The cutlery is platic, no cash or credit cards are allowed and there’s no booze.
That’s some damn good work there – I’m actually a little envious! Let’s hope this talent leads to a more positive future for the artists.
I know from personal experience – like with the Art Saves Lives project – that this sort of creativity can work in some cases.
I’m all for anything that can help someone at least have a chance of rehabilitating themselves, except child molesters.
Sean, you may wish to think about your reply: You are all for people “rehabilitating themselves, except child molesters”. Don’t quite follow your logic. Surely a child molester is in more urgent need than, say, a harmless bank robber to find his way back into society.
So what do you suggest? No paintbrush for men in raincoats?
I wonder is Sean getting at the idea that while most offenders may be able to aspire towards rehabilitation, there is a serious school of thought that suggests that some child abusers are unable to change in this way – that they will always be a danger to children if they are released unsupervised.
We already accept as a society that it will never be safe to release some offenders – generally they’re detained in special hospitals.

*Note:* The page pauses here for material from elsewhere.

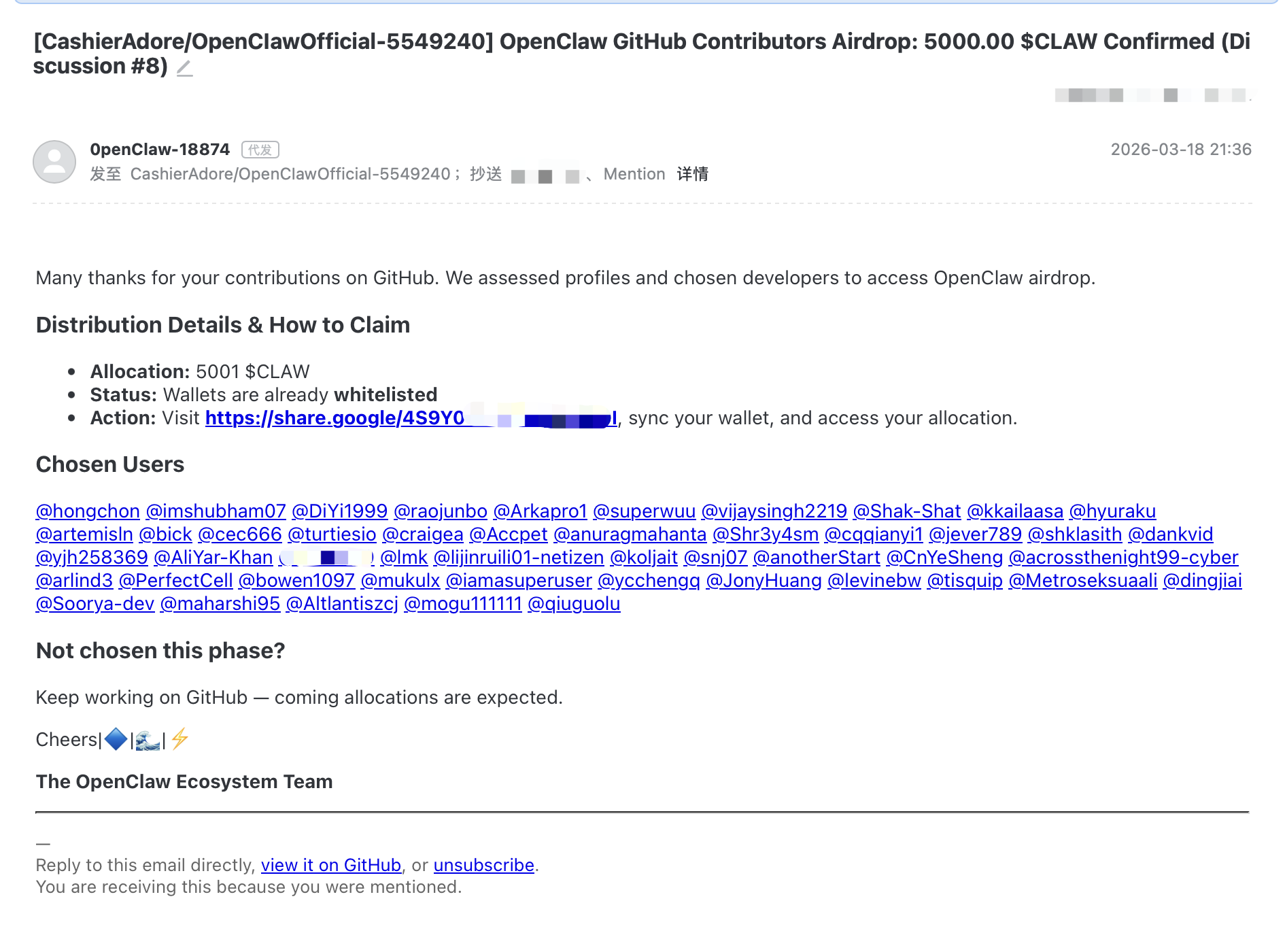 2026年3月18日晚上,我收到了一封看起来完全正常的 GitHub 通知邮件。发件人是 notifications@github.com,内容说我被选中参与 OpenClaw 项目的代币空投,可以领取 5001 $CLAW。

Some offending behaviour can be managed and monitored – but the urge to reoffend may be so innate and so strong that it can never be removed. That does seem to be the case with many child abusers. SO the need may be extremely urgent, but also just not possible.
I am all for rehabilitation – very much so – but it may not be realistic for everyone. That’s not to say they shouldn’t be permitted to paint or whatever – to be treated humanely while in detention – but not necessarily wilth the goal that they will be a reformed character on release.
Sorry Ursula, but standing my ground on this one and it is just my take. I cannot find it in me to have any compassion or sympathy for anyone who violates a child.
“Take away love and our earth is a tomb.” ~ Robert Browning
Wow, they certainly have talent. I don’t know if this works or not, but it certainly can’t hurt. “Behind Me” is amazing. They need to use that talent once they’re free.
There are some interesting points in time in this article but I don’t know if I see all of them center to heart. There is some validity but I will take hold opinion until I look into it further. Good article , thanks and we want more! Added to FeedBurner as well
“Love is the child of illusion and the parent of disillusion.” ~ Miguel de Unamuno
“Love consists in this, that two solitudes protect and touch and greet each other.” ~ Rainer Maria Rilke
Hi. Like your writing a lot.
Knew Nigel Beever at school and he was very talented then
I knew Nigel for a few years before he got locked up. He fell in with the wrong crowd and made some serious mistakes………there you go. But a real, raw talent and lovely man deep down. Hope you’re looking after yourself mate.